* [TASK DIRECTIONS]:
Go to the line containing "Ronde schilderijen Aap met" below; retype it and all following lines exactly, and leave out the pictures.

* [WORKING DATA]:

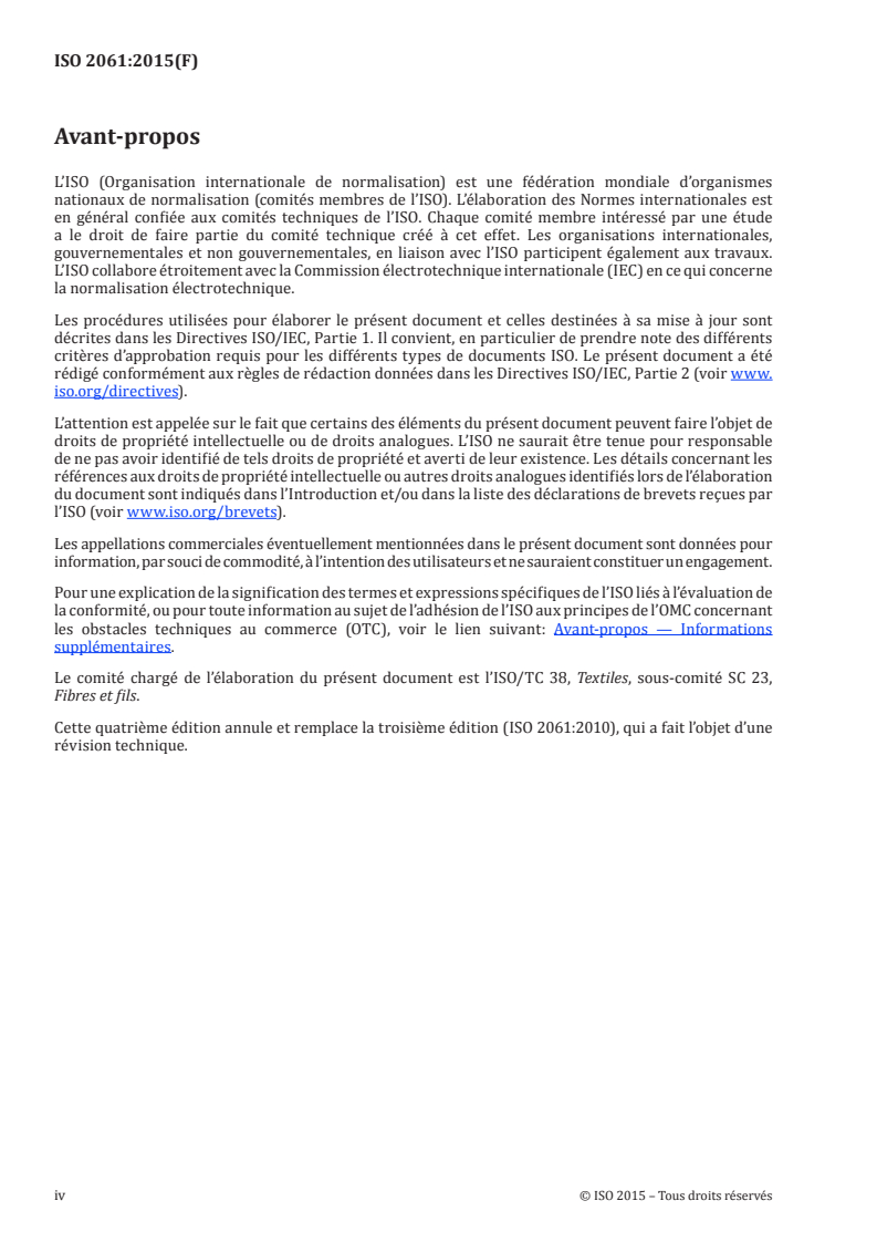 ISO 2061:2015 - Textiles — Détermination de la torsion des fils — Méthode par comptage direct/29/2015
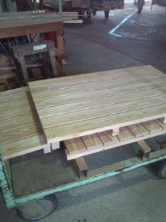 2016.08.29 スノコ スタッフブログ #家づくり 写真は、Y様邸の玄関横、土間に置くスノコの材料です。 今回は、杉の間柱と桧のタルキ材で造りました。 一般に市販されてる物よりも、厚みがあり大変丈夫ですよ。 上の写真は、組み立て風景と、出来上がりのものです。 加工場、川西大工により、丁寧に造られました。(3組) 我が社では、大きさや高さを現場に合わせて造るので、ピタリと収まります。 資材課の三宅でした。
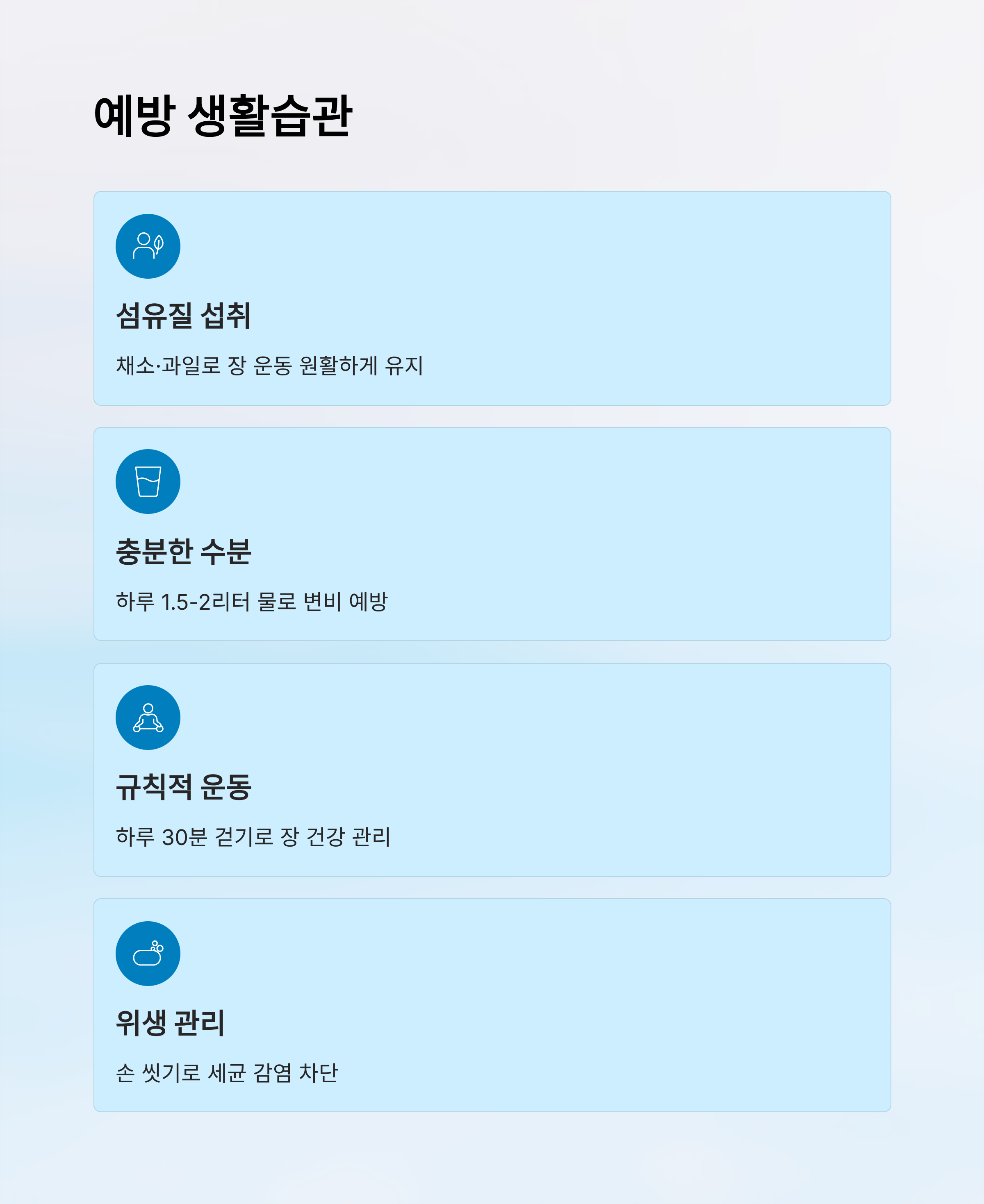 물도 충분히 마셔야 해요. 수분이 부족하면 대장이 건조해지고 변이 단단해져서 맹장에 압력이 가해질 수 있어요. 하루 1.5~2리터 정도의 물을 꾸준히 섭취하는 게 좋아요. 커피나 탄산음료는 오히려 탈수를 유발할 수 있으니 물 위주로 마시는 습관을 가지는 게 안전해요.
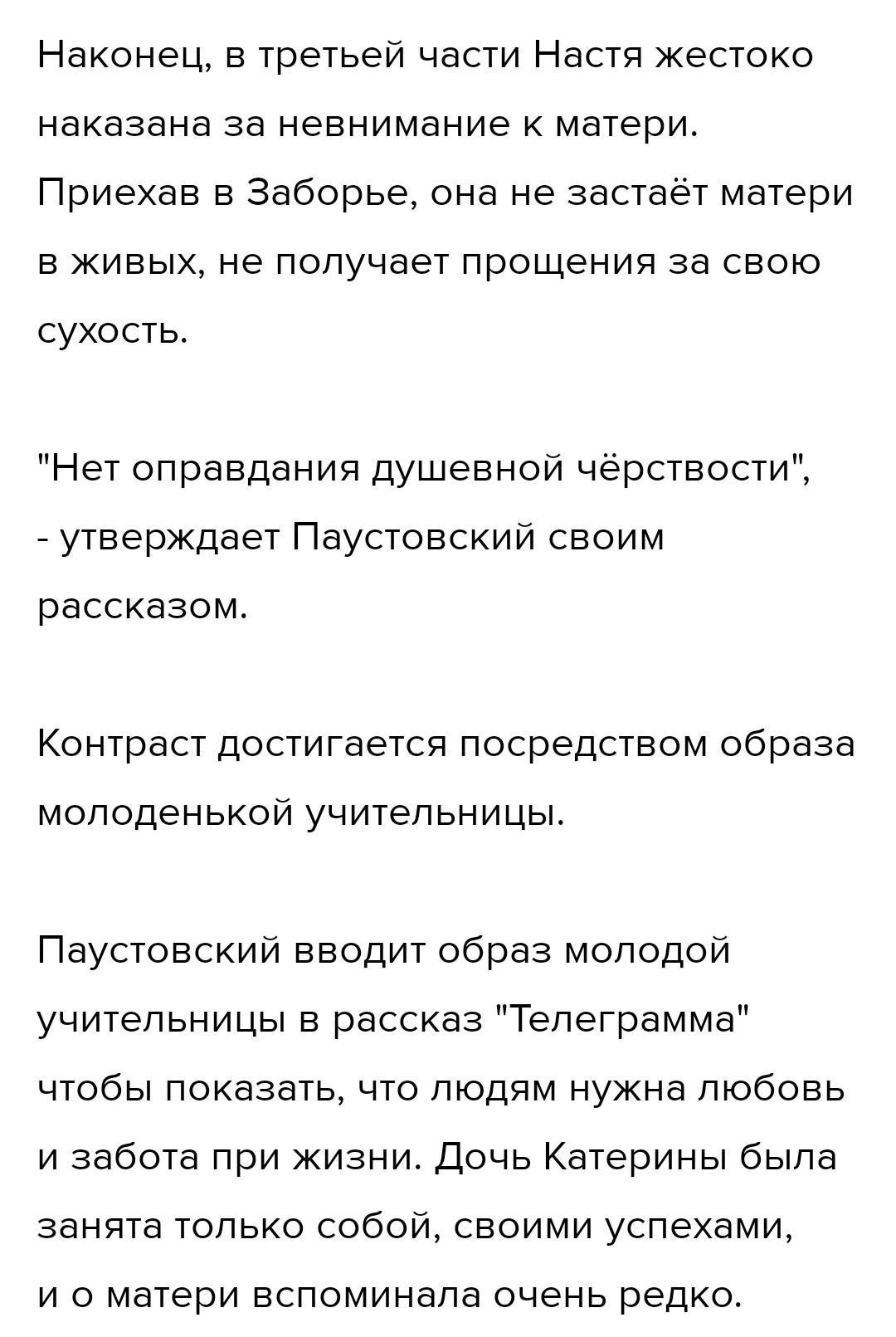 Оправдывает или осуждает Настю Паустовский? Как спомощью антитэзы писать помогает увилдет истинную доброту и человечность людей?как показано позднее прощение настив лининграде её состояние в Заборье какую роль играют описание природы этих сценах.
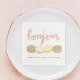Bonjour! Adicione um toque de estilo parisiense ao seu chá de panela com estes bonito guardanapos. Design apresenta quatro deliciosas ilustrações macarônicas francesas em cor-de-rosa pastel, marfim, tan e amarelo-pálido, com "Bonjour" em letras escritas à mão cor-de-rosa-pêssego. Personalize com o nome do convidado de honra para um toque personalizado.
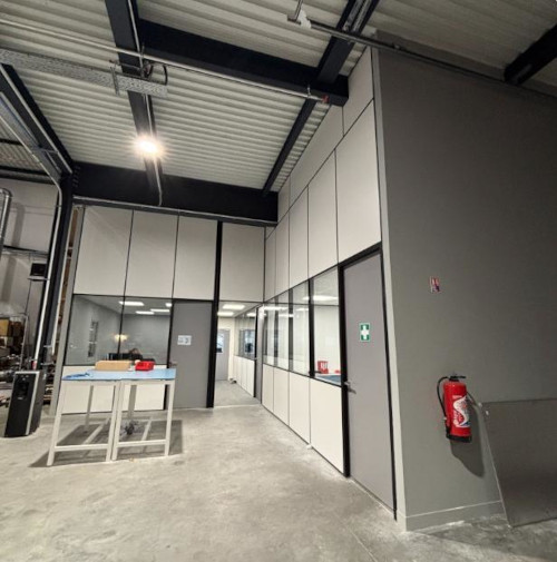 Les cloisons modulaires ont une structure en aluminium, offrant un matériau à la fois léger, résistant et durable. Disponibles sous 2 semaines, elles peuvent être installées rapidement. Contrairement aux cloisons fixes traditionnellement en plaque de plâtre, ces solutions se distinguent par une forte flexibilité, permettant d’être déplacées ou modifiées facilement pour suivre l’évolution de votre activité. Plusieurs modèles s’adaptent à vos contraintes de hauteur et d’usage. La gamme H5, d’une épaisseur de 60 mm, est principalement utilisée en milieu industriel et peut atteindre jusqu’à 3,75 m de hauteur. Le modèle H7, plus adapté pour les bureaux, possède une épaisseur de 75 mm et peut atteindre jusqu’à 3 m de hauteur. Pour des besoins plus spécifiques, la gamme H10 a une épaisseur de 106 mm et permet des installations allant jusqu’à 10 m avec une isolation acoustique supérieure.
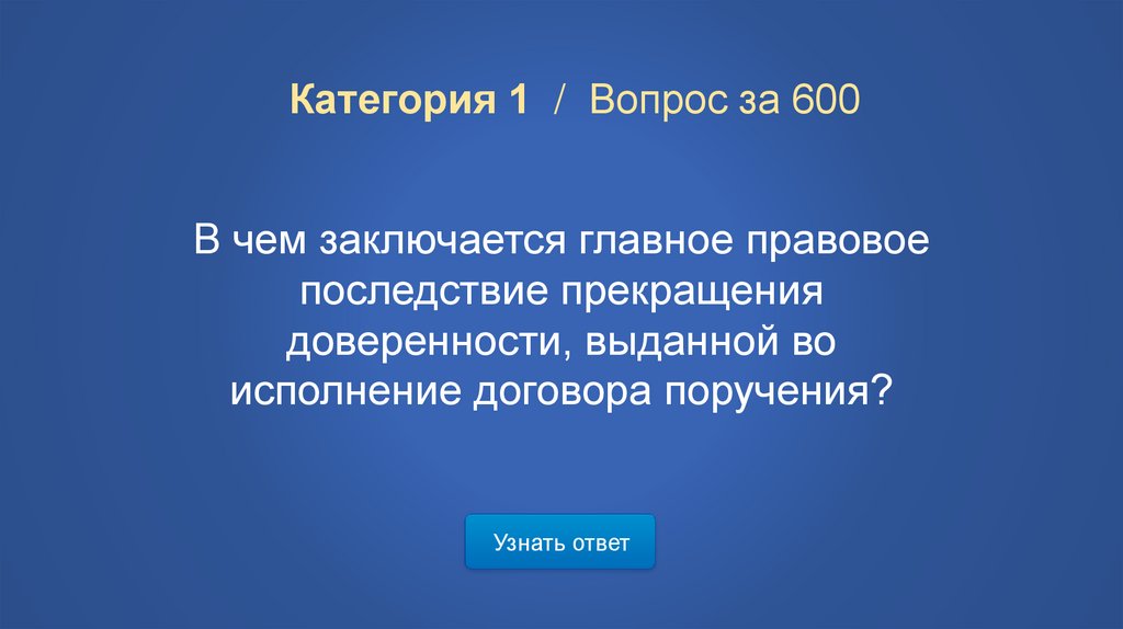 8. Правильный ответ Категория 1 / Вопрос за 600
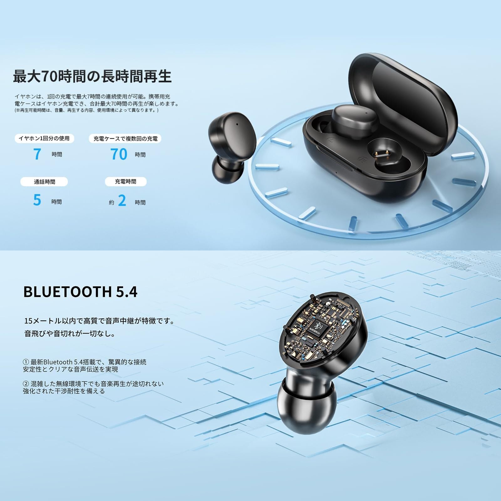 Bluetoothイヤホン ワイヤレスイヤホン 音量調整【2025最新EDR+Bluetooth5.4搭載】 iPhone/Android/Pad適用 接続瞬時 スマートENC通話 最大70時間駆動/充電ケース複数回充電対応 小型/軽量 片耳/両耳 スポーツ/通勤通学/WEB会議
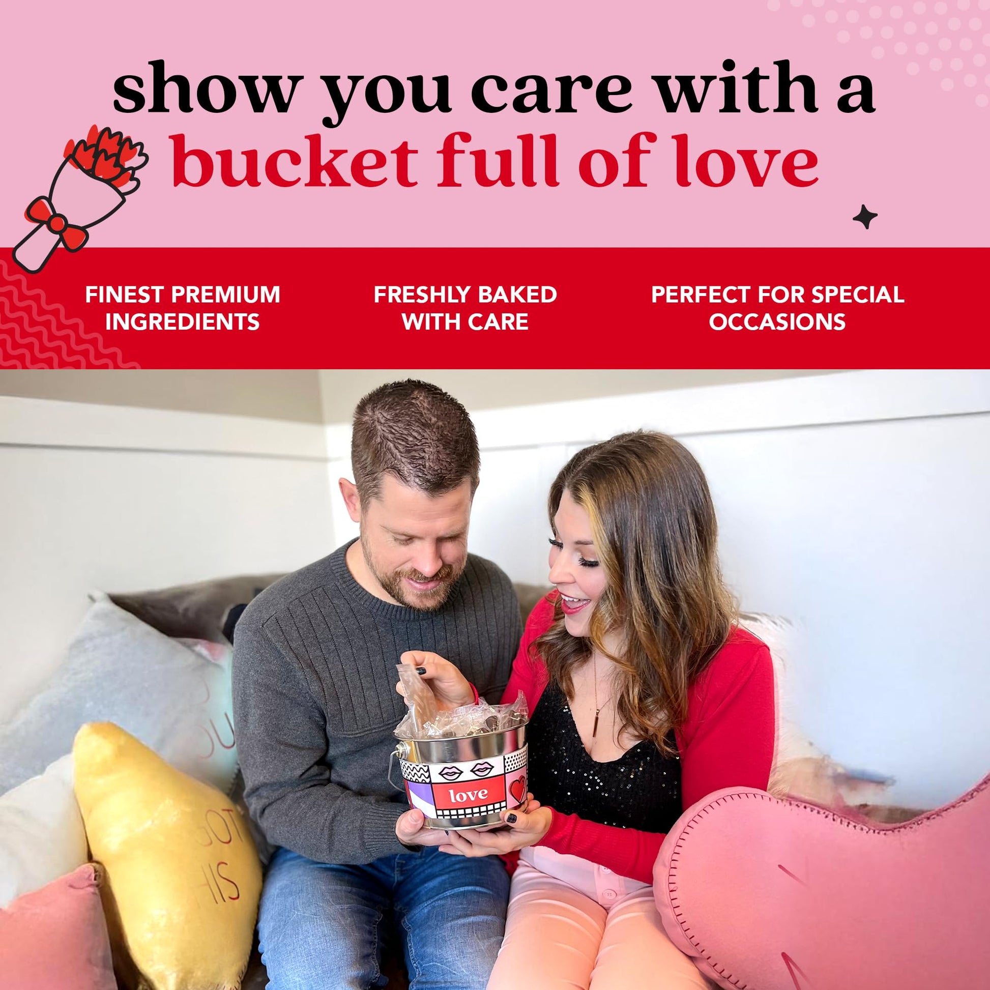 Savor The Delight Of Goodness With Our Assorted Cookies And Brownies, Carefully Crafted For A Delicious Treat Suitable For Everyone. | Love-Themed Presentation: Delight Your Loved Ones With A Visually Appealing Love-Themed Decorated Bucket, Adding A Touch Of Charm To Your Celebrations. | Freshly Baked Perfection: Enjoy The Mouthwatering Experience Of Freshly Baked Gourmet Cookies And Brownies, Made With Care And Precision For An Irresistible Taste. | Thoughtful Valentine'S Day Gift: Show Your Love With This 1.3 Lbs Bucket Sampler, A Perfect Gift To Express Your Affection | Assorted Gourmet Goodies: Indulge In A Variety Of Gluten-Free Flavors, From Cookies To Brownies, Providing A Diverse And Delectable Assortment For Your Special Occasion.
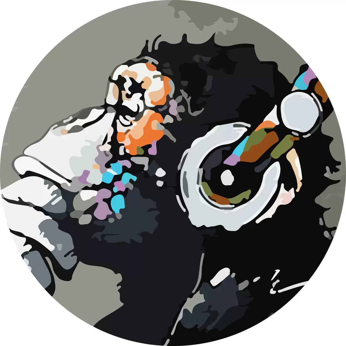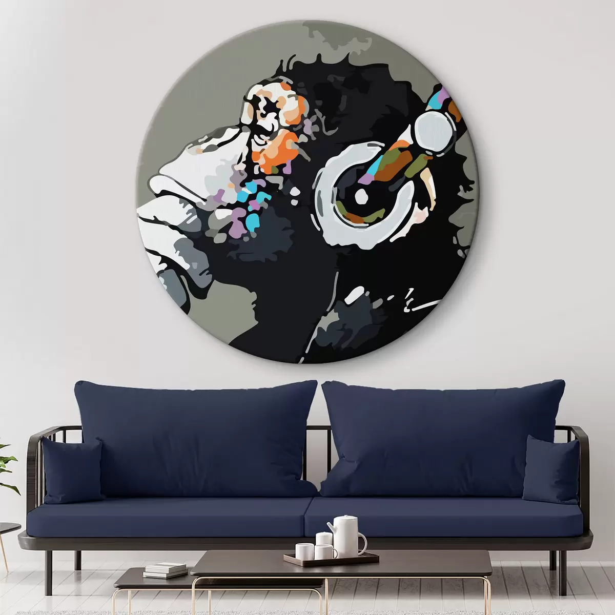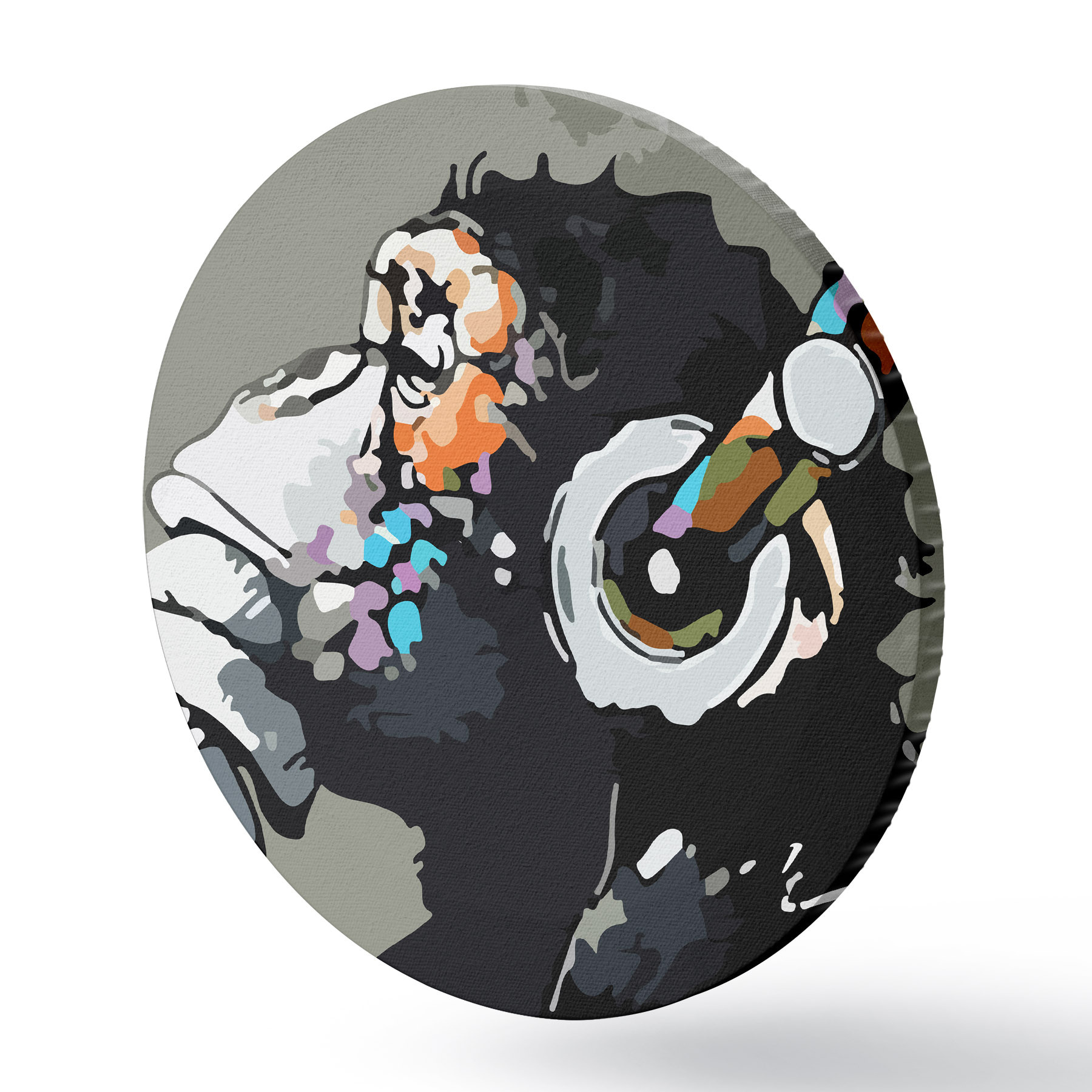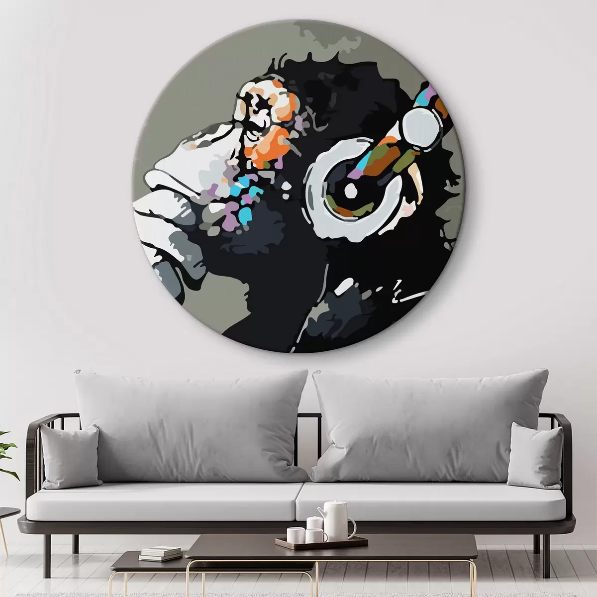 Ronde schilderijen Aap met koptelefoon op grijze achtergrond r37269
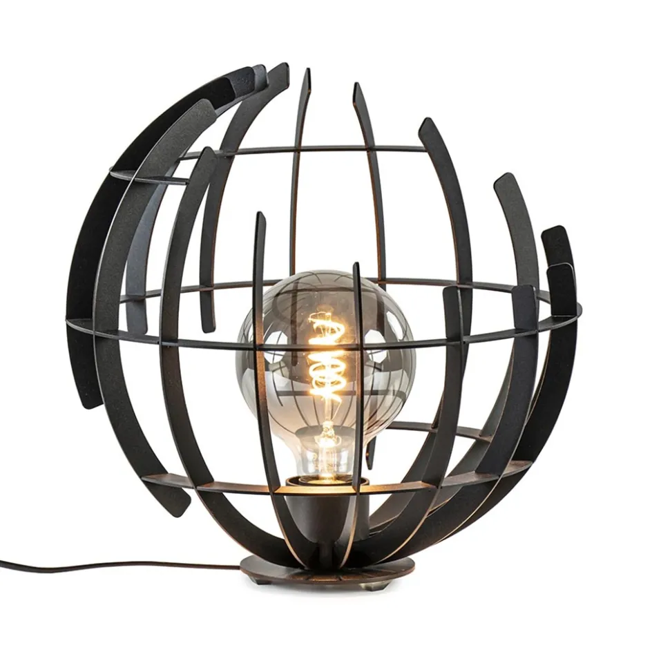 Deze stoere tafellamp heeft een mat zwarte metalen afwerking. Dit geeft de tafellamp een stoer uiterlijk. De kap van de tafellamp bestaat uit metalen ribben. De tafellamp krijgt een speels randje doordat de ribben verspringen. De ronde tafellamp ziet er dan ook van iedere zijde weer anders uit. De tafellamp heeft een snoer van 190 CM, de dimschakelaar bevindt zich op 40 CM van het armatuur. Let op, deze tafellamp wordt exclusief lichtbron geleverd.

* [ANSWER BOX]:
 Ronde schilderijen Aap met koptelefoon op grijze achtergrond r37269
 Deze stoere tafellamp heeft een mat zwarte metalen afwerking. Dit geeft de tafellamp een stoer uiterlijk. De kap van de tafellamp bestaat uit metalen ribben. De tafellamp krijgt een speels randje doordat de ribben verspringen. De ronde tafellamp ziet er dan ook van iedere zijde weer anders uit. De tafellamp heeft een snoer van 190 CM, de dimschakelaar bevindt zich op 40 CM van het armatuur. Let op, deze tafellamp wordt exclusief lichtbron geleverd.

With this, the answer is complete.